Pipinsried
- Full name: Fußballclub Pipinsried e. V.
- Founded: 1967
- Ground: Stadion an der Reichertshausener Straße
- Capacity: 2,500
- Chairman: Benny Rauch
- Manager: Josef Steinberger
- League: Bayernliga Süd (V)
- 2025–26: Bayernliga Süd, 6th of 17
| Home colours | Away colours |

= FC Pipinsried =

German association football club

Football Club Pipinsried is a German association football club from the town of Pipinsried, Bavaria.

==History==
FC Pipinsried was formed in 1967 and, for most of its early history, the club was an amateur side in local Bavarian football.

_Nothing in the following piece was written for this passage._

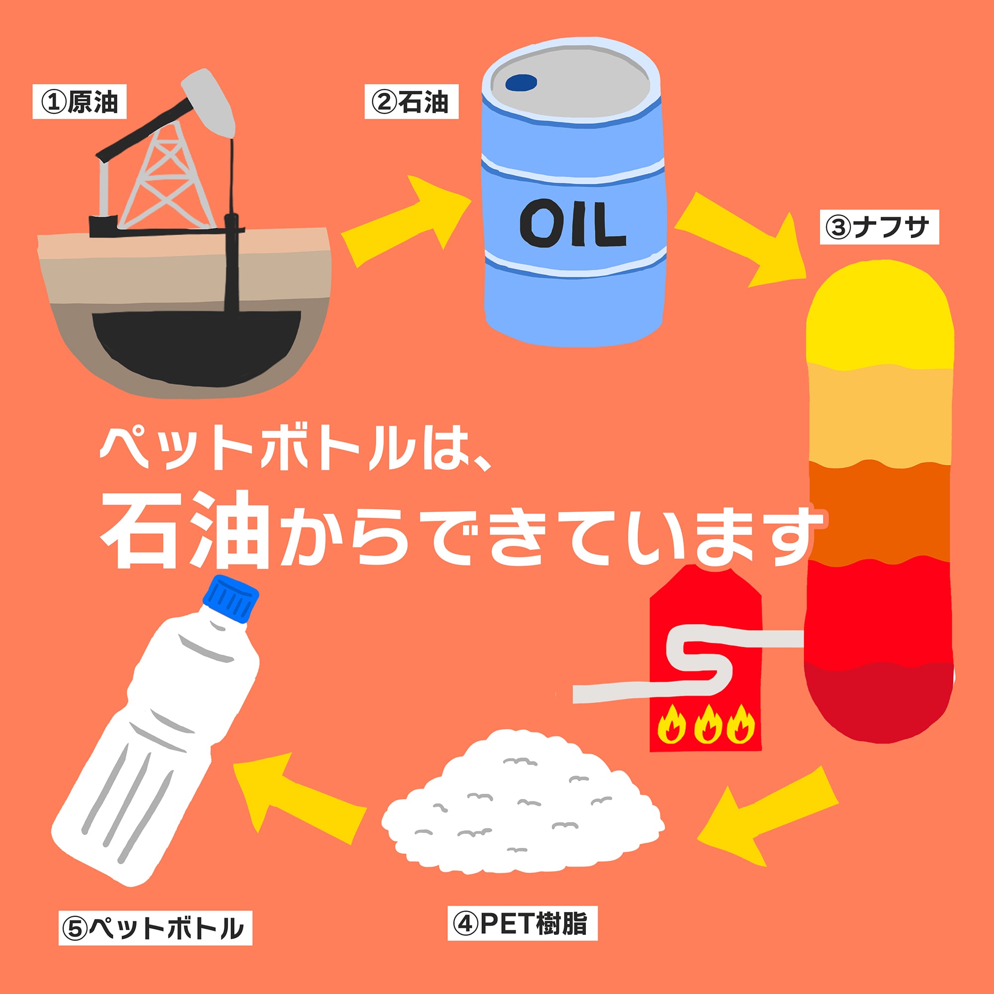 暮らしに欠かせないペットボトルは、「PET(ポリエチレンテレフタレート)」というプラスチックから作られています。原料には石油が使われ、精製されたナフサをもとにPET樹脂が製造されます。これを加熱·成型することで、飲料用などさまざまな容器へと加工されます。ペットボトルは軽くて丈夫で、持ち運びやすく、リサイクルしやすいといった利点があります。一方で、使用後に適切に回収·再資源化されなければ、資源の浪費や二酸化炭素(CO2)の排出増加につながり、環境への負担が大きくなります。
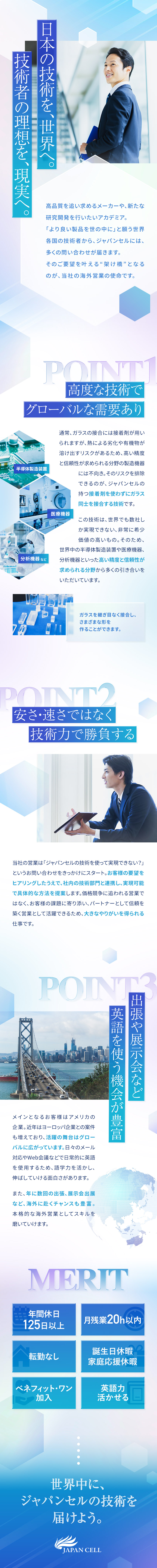 海外営業(精密ガラス製品)/年休125日以上/残業20h以内

While based in Upper Bavaria the club opted to enter the leagues of neighboring Bavarian Swabia and started competitive football in the C-Klasse, the lowest tier of Bavarian football at the time, earning promotion to the B-Klasse in 1975. In 1978 it climbed another level, now to the A-Klasse, where it immediately won another championship and earned another promotion, now to the Bezirksliga in 1979. It first rose above the leagues of Swabia in 1989 when it finished runners-up of the Bezirksoberliga Schwaben in the league's inaugural season. Pipinsried entered the Landesliga Bayern-Süd for four seasons from 1989 to 1993 but never finished higher than eleventh in that time and, at the end of it, was relegated back to the Bezirksoberliga.

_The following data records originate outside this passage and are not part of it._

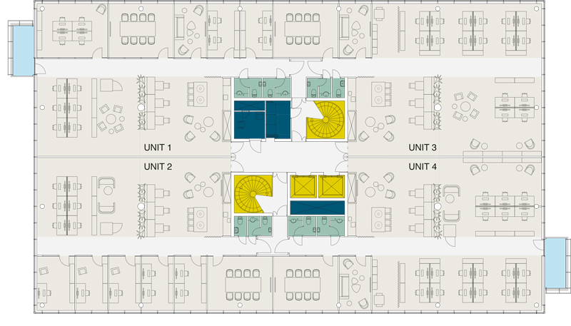 - Office sizes vary from approx. 250 m² – 1000 m² per level according to individual tenant needs
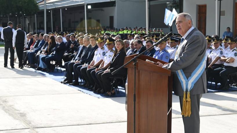 El mandatario mencionó avances en materia de seguridad. Indicó: “esta es la policía que en dos años bajó los homicidios un 50%; esta es la policía que bajó los delitos un 30%; esta es la policía reconocida a nivel nacional por la actual ministra de Seguridad de la Nación, Patricia Bullrich”. Señaló también que la fuerza fue destacada por su aporte a la reducción de índices delictivos a nivel federal.
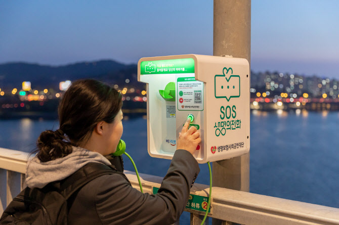 SOS 생명의전화는 한강을 찾은 자살 위기자들에게 따뜻한 위로를 건네며 소중한 생명을 지켜내기 위해 교량에 설치된 긴급 상담 전화기다. 생명보험재단은 현재까지 20개 교량에 총 75대의 SOS 생명의전화를 운영하고, 365일 24시간 전화상담을 지원하고 있다. 특히 최근에는 자살 예방 연간 캠페인 ‘Be:liveU(비리브유)’의 일환으로 SOS 생명의전화 75대를 신규 디자인의 전화기로 전면 교체 및 재정비하며 시인성과 사용 편의성을 높이고 있다.

The club spent the next six seasons back in the Bezirksoberliga Schwaben, coming close to promotion again in 1996 and 1998, when the side came third. It won the league championship the following season, 1998–99, and moved up to the Landesliga once more. The next thirteen seasons were spent in Landesliga Süd with Pipinsried, for the most part, struggling against relegation. From 2000 to 2003 the club had a reasonable run in the league, finishing as high as fifth in 2002, but declining once more after this. Nevertheless, FC Pipinsried survived in the Landesliga Süd until 2012 when the league was disbanded.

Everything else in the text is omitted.